Serum protein extracts (protein concentrations ranging from 98 to 276 mg/ml) were prepared by diluting samples 1/40 with 1× Sample buffer. Extracts from whole blood cells and THP-1 cell cultures were obtained from 1 × 10⁶ cells using 200 µL of RIPA buffer, followed by dilution with 1× Sample buffer. Samples were separated by 15% SDS-PAGE, and proteins were transferred onto nitrocellulose membranes. Membranes were blocked with 5% PBS-BSA for 1 h at room temperature and incubated overnight at 4 °C. For loading, 20 µL of 1/40 diluted serum and 30 µg of protein from cellular extracts (whole blood cells or THP-1 cells) were loaded per lane.

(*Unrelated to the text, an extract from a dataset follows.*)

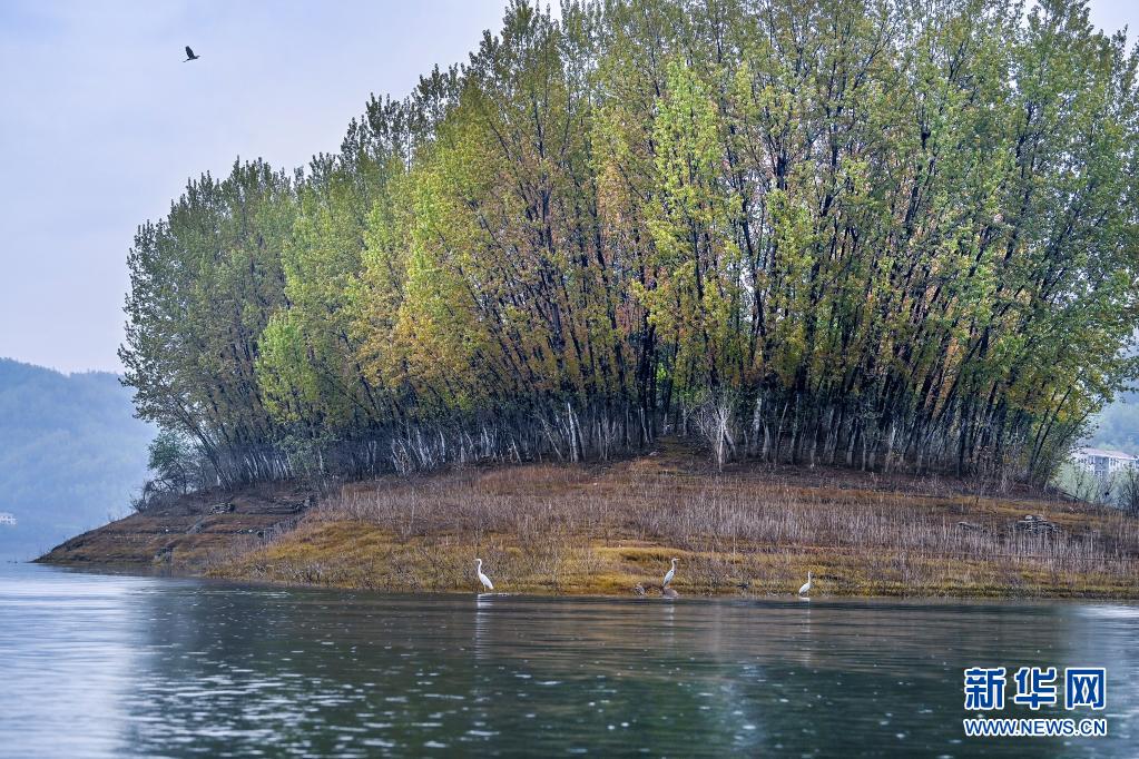 這是流水鎮的漢江江面上的一處島嶼(3月26日攝)。

The following primary antibodies were used: monoclonal anti-Angiogenin 1 (sc-74528, Santa Cruz) and polyclonal anti-β-actin (A2066, Sigma). HRP-conjugated anti-rabbit (111–035-003, Jackson) and HRP-conjugated anti-mouse (115-035-003, Jackson) secondary antibodies were applied. Chemiluminescence was detected using the Amersham ECL Prime Western Blotting Detection Reagent (GE Healthcare). In THP-1 experiments, membranes were cut to measure both primary antibodies during blotting. For quantitative analysis, Western blot band intensities were measured with ImageJ software68 and normalized to their corresponding β-actin bands.

Statistical analysis

Comparisons between groups and compartments were performed using nonparametric methods, such as the Kruskall-Wallis analysis of variance (followed by post-hoc comparisons when applicable) and the Wilcoxon rank test. Correlations between variables were analyzed by Spearman’s rank test. ANOVA test was employed to analyze data from THP-1 cell culture experiments. A P-value < 0.05 was considered statistically significant. All data were analyzed using GraphPad Prism 9.2.1 (San Diego,CA, USA) software.